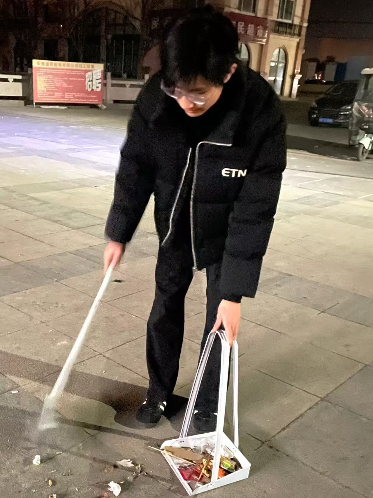 晚自習(xí)后,班級門口的散落垃圾總逃不過徐智豪的眼睛。他默默拿起掃把清理,以行動維護(hù)校園環(huán)境。班主任評價:“他如星辰般微小卻堅定,展現(xiàn)了新時代青年的自覺擔(dān)當(dāng)。”
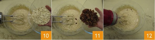 los copos de avena y las pasas 11. Sigue trabajando con las varillas eléctricas hasta que estén bien incorporados 12.
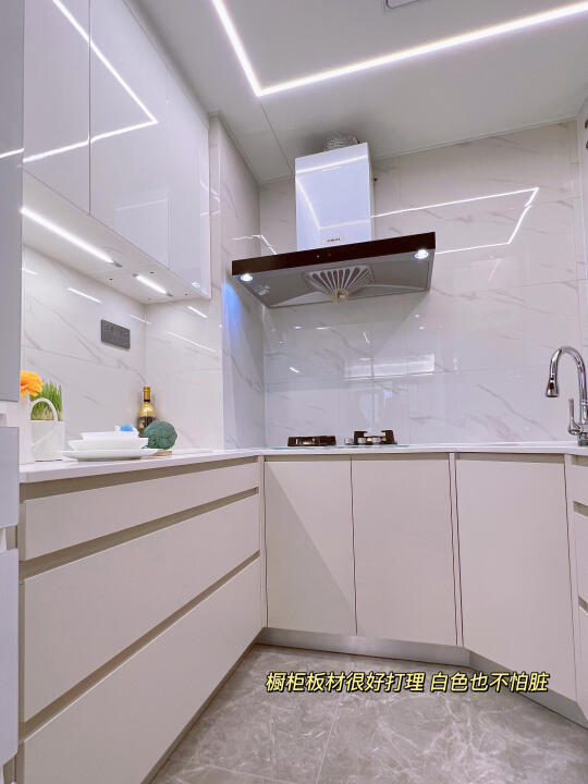 空间收纳做的杠杠的,衣柜做了挂衣区,放衣区,还留了两个区域用来放厚衣服。厨房更是心机满满,吊柜里藏着下拉篮,碗碟锅具都能轻松收纳,台面清清爽爽。柜门关合几乎没有声音;隐形拉手,完全不影响整体简洁感。板材真的没什么味道,安全性满满!
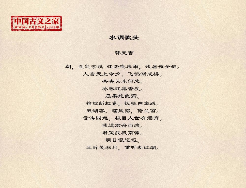 朝,至能索赋 江路晓来雨,残暑夜全消。人言天上今夕,飞鹊渐成桥。杳杳云车何处。脉脉红蕖香度。瓜果趁良宵。推枕断虹卷,抚槛白鱼跳。五湖客,临风露,倚兰苕。云涛四起,极目人世有烟霄。我送君舟西渡。君望我帆南浦。明日恨迢迢。且醉吴淞月,重听浙江潮。
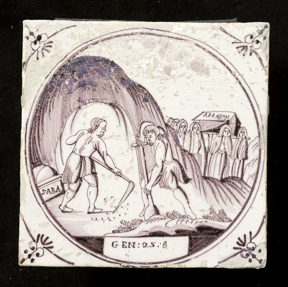 Tegel in tinglazuur, voorstellende gen. 25:8 Abraham...

################

§ **Brief**
Transcribe exactly the line containing "空间收纳做的杠杠的,衣柜做了" and every line after it through the end of the listing above; pictures are not part of the copy.

§ **Solution**
 空间收纳做的杠杠的,衣柜做了挂衣区,放衣区,还留了两个区域用来放厚衣服。厨房更是心机满满,吊柜里藏着下拉篮,碗碟锅具都能轻松收纳,台面清清爽爽。柜门关合几乎没有声音;隐形拉手,完全不影响整体简洁感。板材真的没什么味道,安全性满满!
 朝,至能索赋 江路晓来雨,残暑夜全消。人言天上今夕,飞鹊渐成桥。杳杳云车何处。脉脉红蕖香度。瓜果趁良宵。推枕断虹卷,抚槛白鱼跳。五湖客,临风露,倚兰苕。云涛四起,极目人世有烟霄。我送君舟西渡。君望我帆南浦。明日恨迢迢。且醉吴淞月,重听浙江潮。
 Tegel in tinglazuur, voorstellende gen. 25:8 Abraham...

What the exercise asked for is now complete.